Collection entries:

+===+

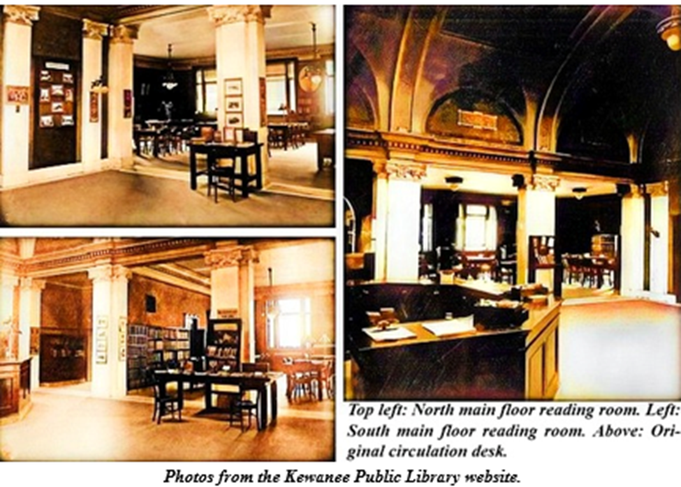 So how did the library come about? Larry Lock has written a brief history about it, which can be found at the Kewanee Historical Society, along with photos of the building. Sarah Sagmoen also has written a detailed history of the library, which can be found on the library’s website, also along with photos.
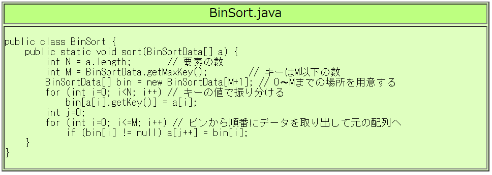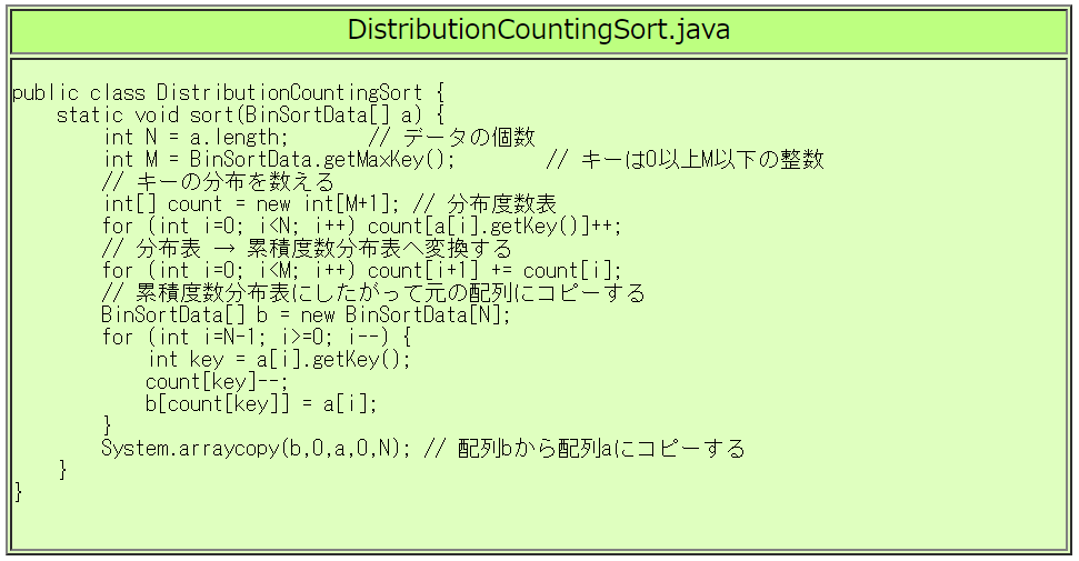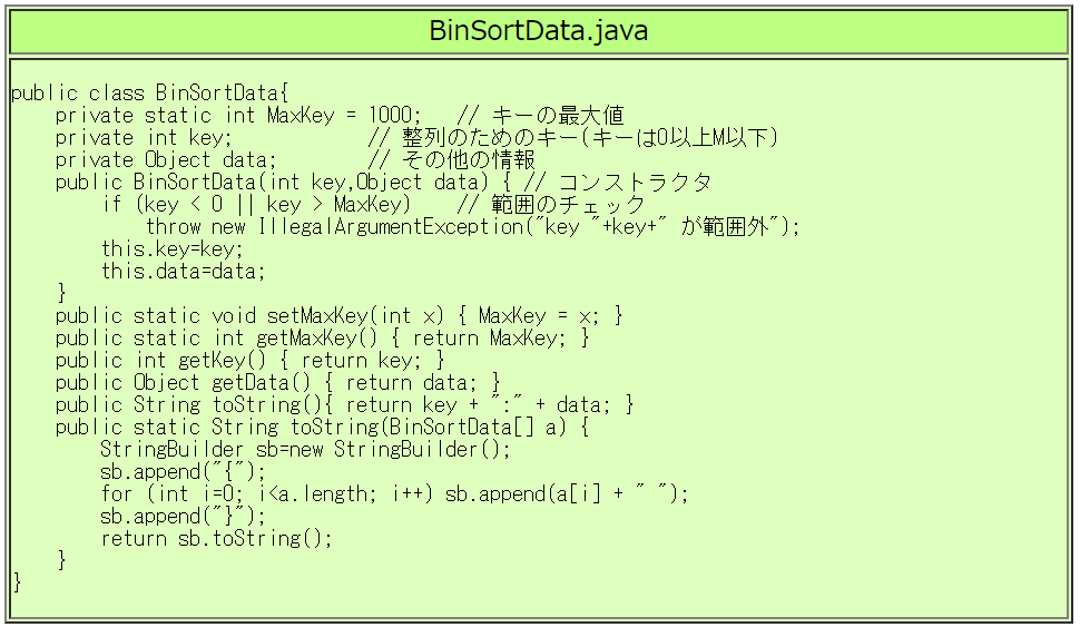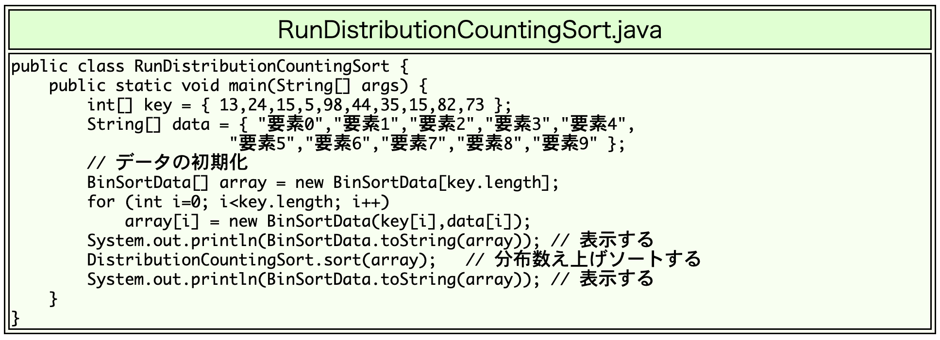 [注意] DistributionCountingSortクラスは BinSortDataオブジェクトの 配列をソートしますが、今回扱うデータは整数値のみです。 そこで、データをkeyフィールドに保存し、dataフィールドには keyと同じ値のIntegerオブジェクトを入れておけばよいものとします。
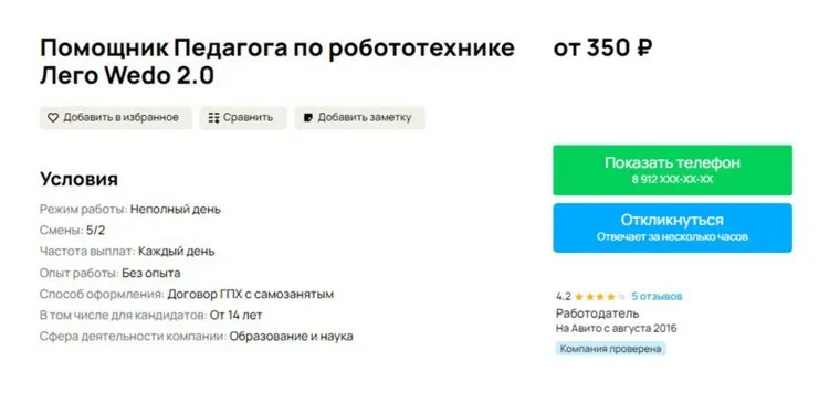 Помощника педагога по робототехнике со ставкой 350 рублей в час ищут в детский клуб. В компанию готовы взять подростков от 14 лет без опыта работы. Работник должен будет помогать детям от пяти до семи лет собирать конструкторы по инструкциям.
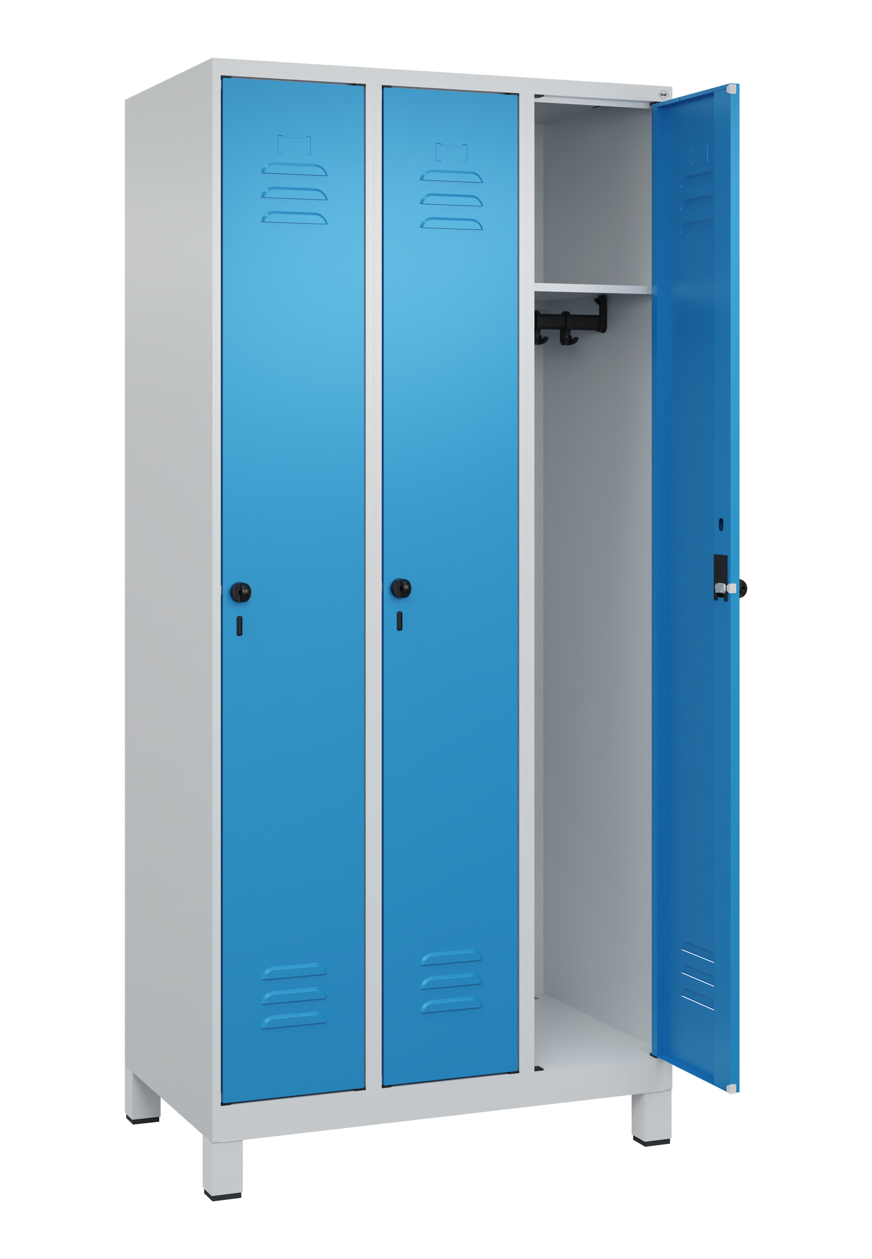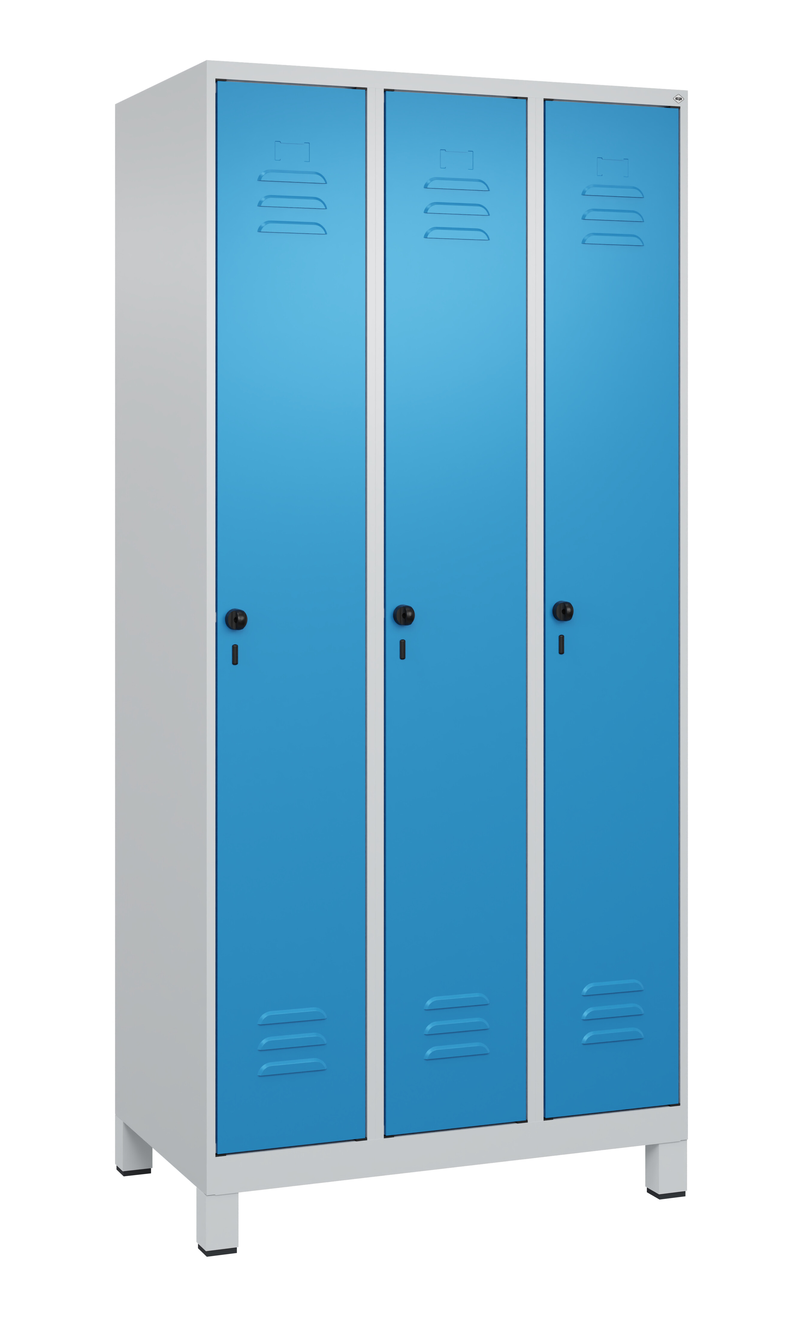 Spind Classic Plus, Füße, 3 Abteile, 1950x900x500mm RAL 5012 Lichtblau RAL 7035 Lichtgrau
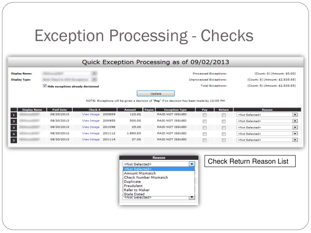 Exception Processing - Checks Check Return Reason List
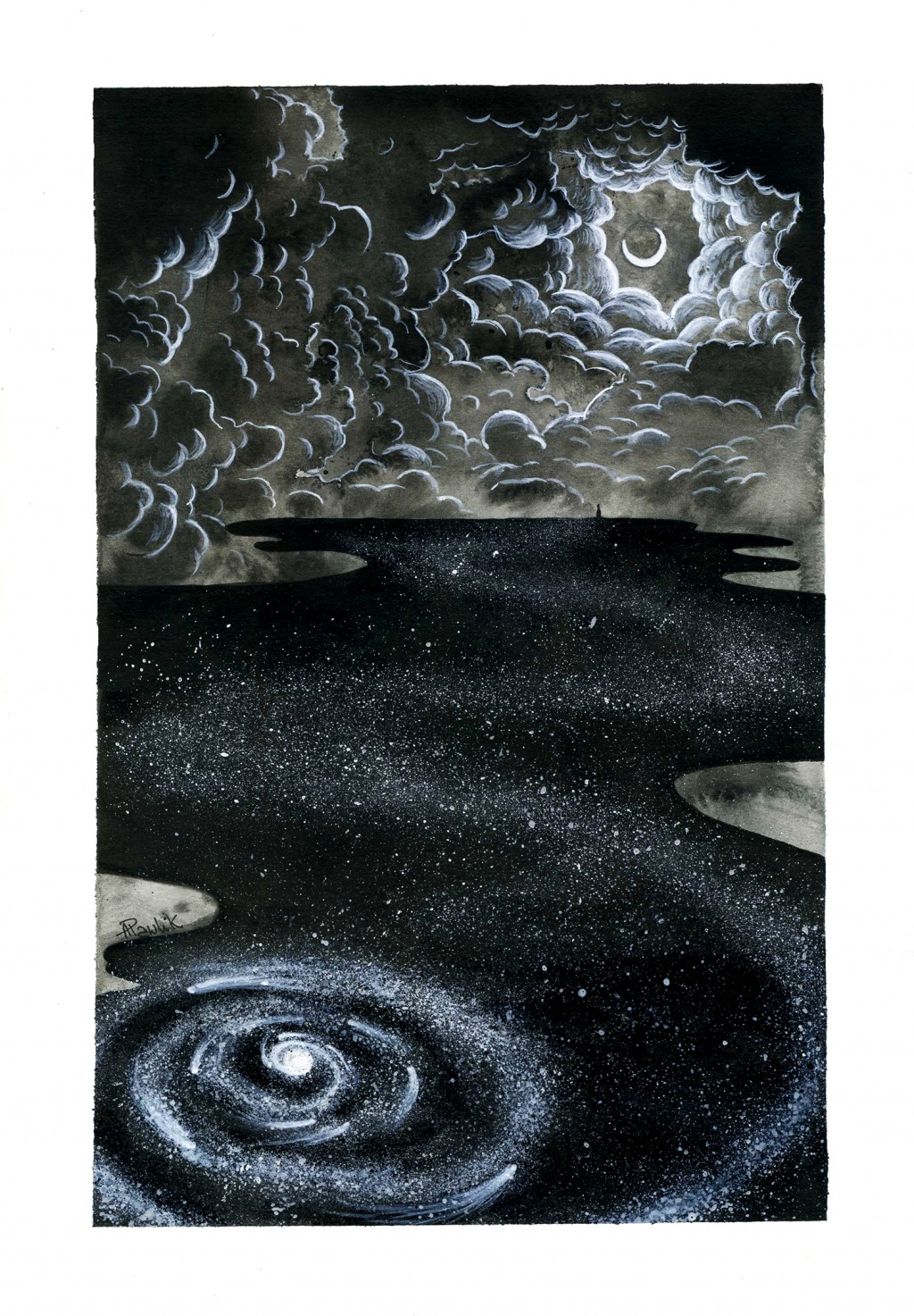 doodling, drawing, dream, illustration, ink, moon, night, painting, sketchbook

+===+

WORK INSTRUCTION: Excluding the pictures, retype the line containing "Exception Processing - Checks" and all lines after it down to the end of the data above.

EXERCISE RESPONSE:
 Exception Processing - Checks Check Return Reason List
 doodling, drawing, dream, illustration, ink, moon, night, painting, sketchbook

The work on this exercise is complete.